• **WHAT THE EXERCISE ASKS**
Without copying any picture, transcribe exactly the lines of the data below from the one containing "Stylowa bezprzewodowa aluminiowa" through the one containing "Aluminum Frame with".

• **STUDY MATERIAL**
※

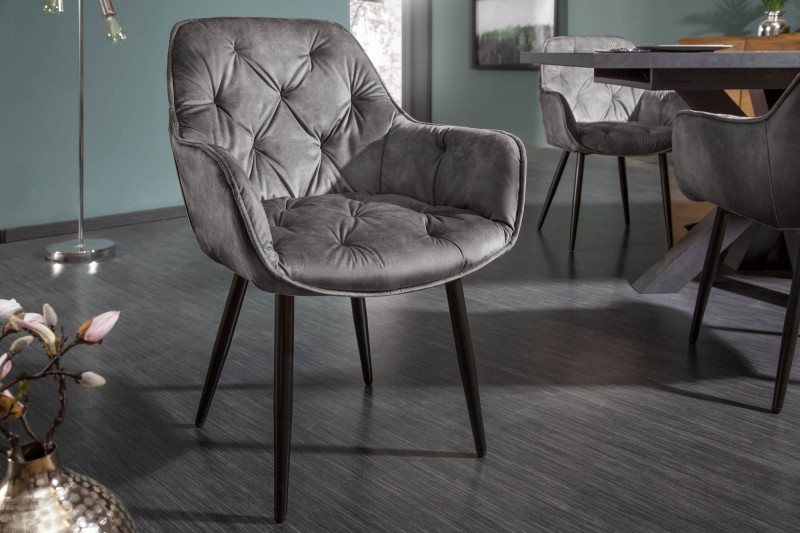 Designová stolička ze série Malibu. Židle je zajímavá svým provedením a tvarem. Tvarovaný sedák s područkami vás pohodlně usadí. Jemná linie opěradla přechází do boků, přičemž zajišťuje příjemně komfortní sezení. Dekorativní prošívání na opěradle a opěrkách. Provedení v sametu v šedo-zelené barvě, které je příjemné na dotek. Konstrukce je z kovu a proto je pevná. Nohy židle jsou z kovu v černém provedení. Krásná židle do vaší kuchyně nebo jídelny, vynikne však i ve vaší kanceláři či v pracovně.
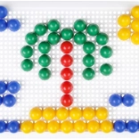 Das Set enthält eine Kunststoffrasterplatte 21 × 16 cm und 80 Hütchen mit 15 mm Durchmesser. Dank der kompakten Maße ist es ideal für zu Hause und auf Reisen. Vorlagen sind nicht enthalten – so wird die freie Gestaltung und Fantasie gefördert.
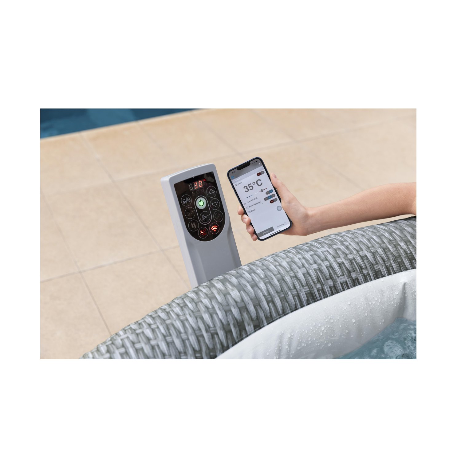 Jacuzzi Lay-Z-Spa Bali AirJet je udoban masažni bazen za 4–6 osoba, koji osigurava iznimno opuštanje zahvaljujući tehnologiji AirJet™. Kada je napuhan, mjeri 196 cm x 71 cm, a unutarnja veličina je 151 cm, što pruža dovoljno prostora za ugodno opuštanje. Voda se zagrijava do najviše 40 °C, a energetski učinkovit sustav grijanja održava optimalnu temperaturu vode tijekom cijelog rada.
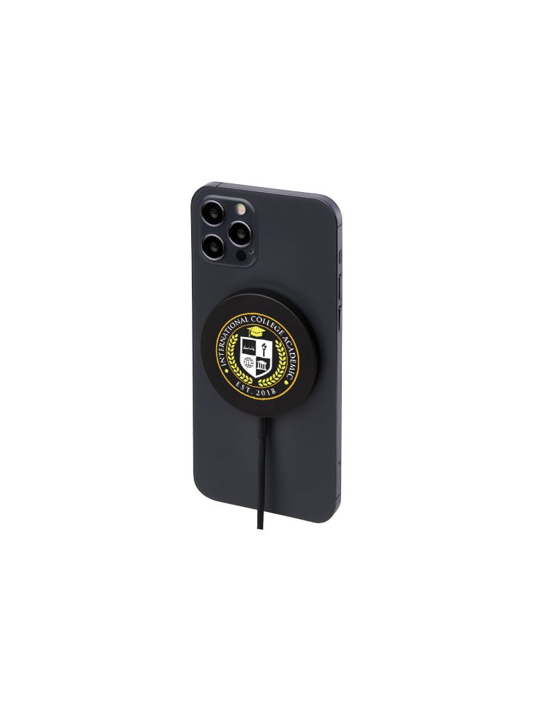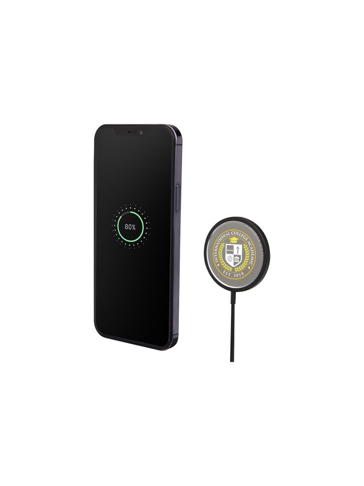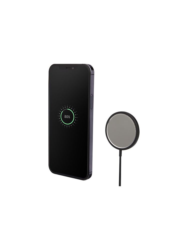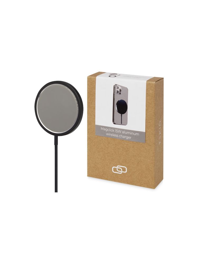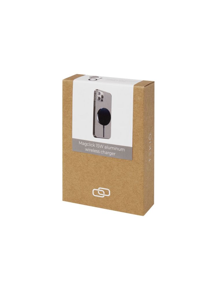 Stylowa bezprzewodowa aluminiowa ładowarka magnetyczna z wyjściem bezprzewodowym do 15 W zapewniająca szybkie ładowanie. Kompatybilna z wszystkimi urządzeniami Qi (iPhone 8 lub nowszy oraz urządzenia z systemem Android, które obsługują ładowanie bezprzewodowe). Dostarczane w wysokiej jakości pudełku z papieru Kraft z kolorową naklejką.
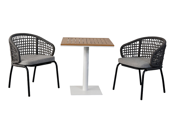 Aluminum Frame with Rope Weaving Chair + Plastic Wood Desk Top Metal Base TableVorlaufzeit :
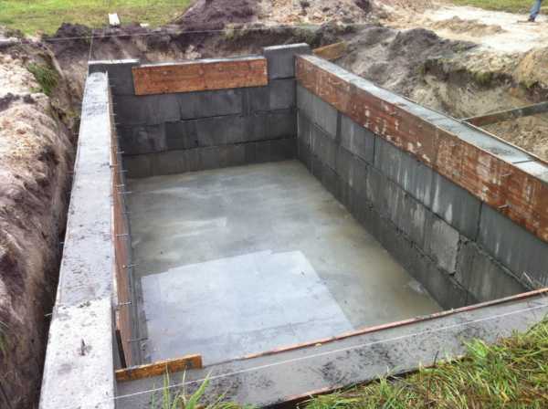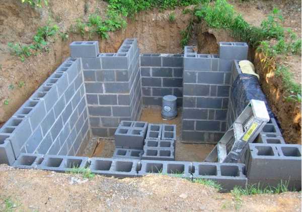 Чтобы построить полузаглубленный подвал своими руками, вырывают неглубокий котлован, потом делают невысокий фундамент, а стены строят из бетона, кирпича или камня.
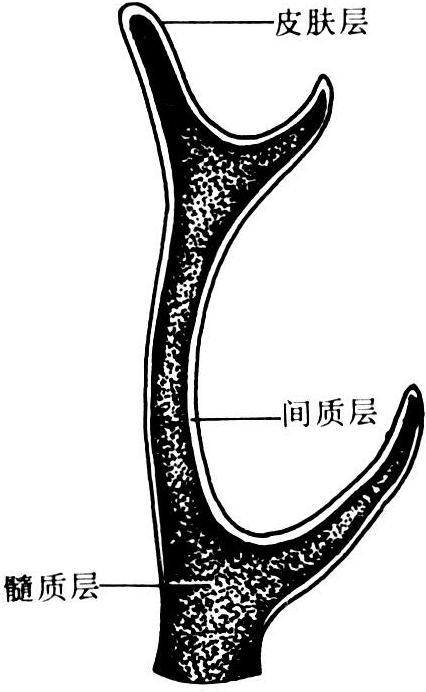 横切面分为皮肤层、间质层和髓质层;纵切面分为增生带、成熟带、肥大带、钙化带、初级松质带和次级松质带。鹿茸富含血管和神经,生长极快。鹿茸继续生长,随骨化程度的加深,脱去茸皮成为鹿角(图1)。
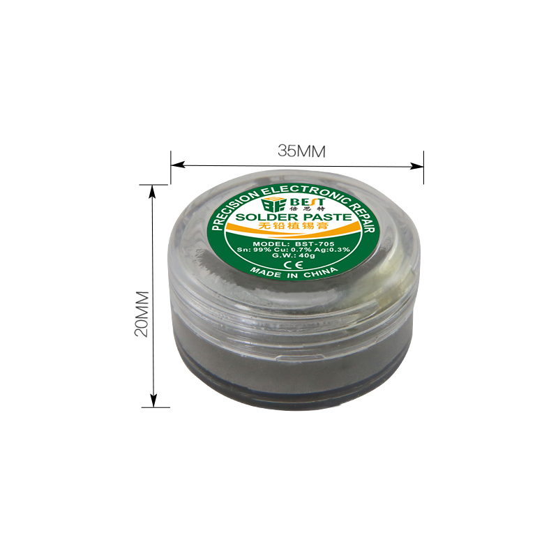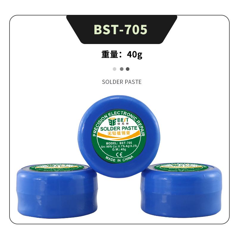 返回當(dāng)前位置: 首頁 / 產(chǎn)品中心 / BST-705 無鉛錫漿 高溫錫漿 焊錫膏 BGA植錫膏 Sn99/Cu0.7/Ag0.3 40g
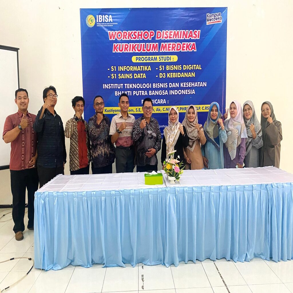Institut Teknologi Bisnis dan Kesehatan Bhakti Putra Bangsa Indonesia (IBISA) menggelar “Workshop Diseminasi Kurikulum Merdeka”. Berlangsung di Lantai 3 Gedung A IBISA, Sabtu-Minggu (3-4 Agustus 2024), diikuti oleh para dosen dan Tenaga Kependidikan di IBISA. Menghadirkan narasumber Dr. Kustiyono, S.Kom, S.E, M.Kom, Ak, C.NHRP, C.PHRM, C.TLP, C.RSP.
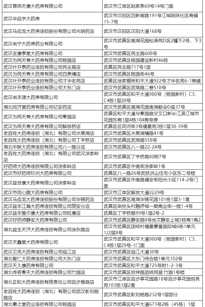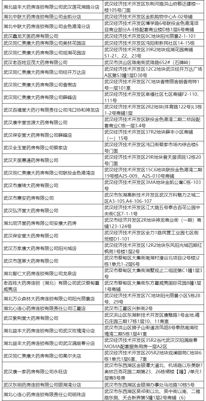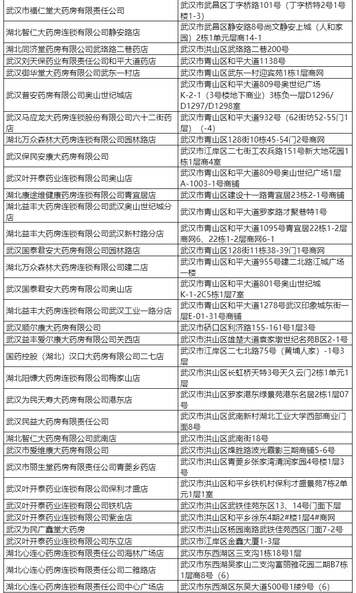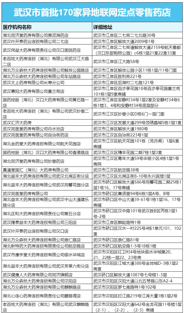 武汉市首批170家异地联网药店
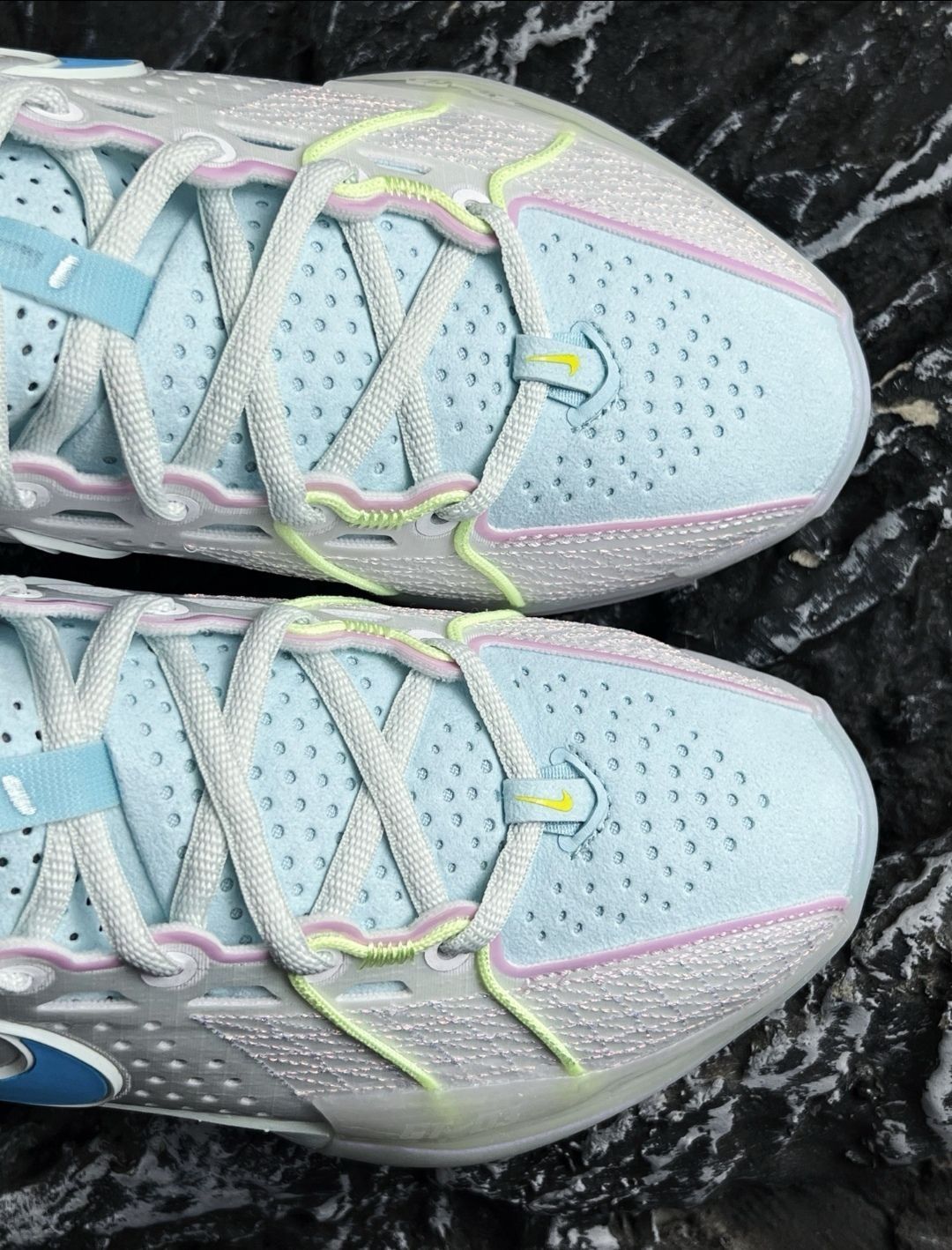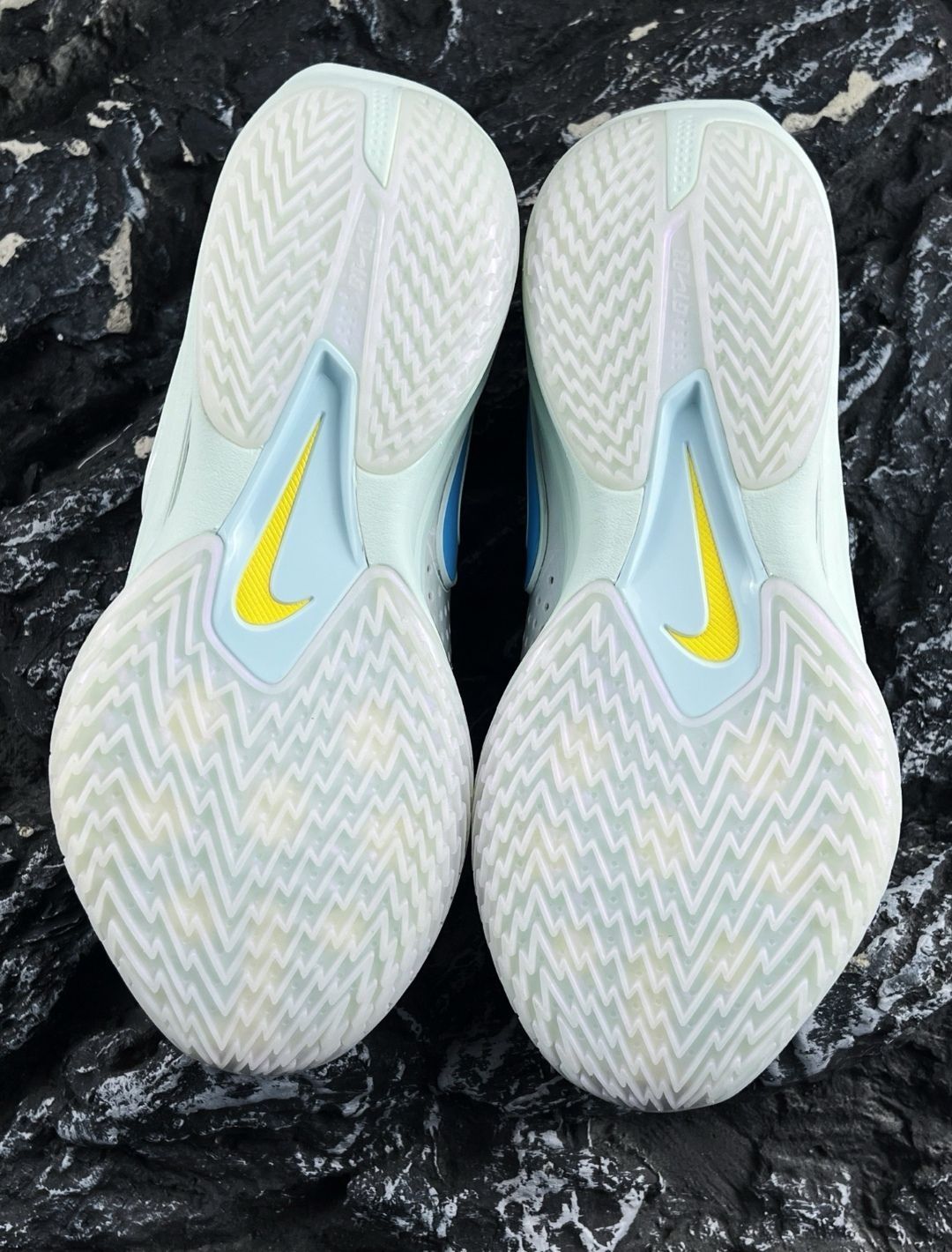 今天和大家带来一款PE版本的GT3代,男女同款 是中国女子篮球队长杨力维的专属配色 实物开箱颜值方面还是蛮酷炫的 白蓝绿的配色干净清爽,妥妥的夏日配色 中底搭载了zoom缓震科技,脚感澎湃 上脚的舒适度,包裹非常nice 橡胶外底的耐磨和防滑问题不大 尺码不偏,正码

※

• **EXERCISE SOLUTION**
 Stylowa bezprzewodowa aluminiowa ładowarka magnetyczna z wyjściem bezprzewodowym do 15 W zapewniająca szybkie ładowanie. Kompatybilna z wszystkimi urządzeniami Qi (iPhone 8 lub nowszy oraz urządzenia z systemem Android, które obsługują ładowanie bezprzewodowe). Dostarczane w wysokiej jakości pudełku z papieru Kraft z kolorową naklejką.
 Aluminum Frame with Rope Weaving Chair + Plastic Wood Desk Top Metal Base TableVorlaufzeit :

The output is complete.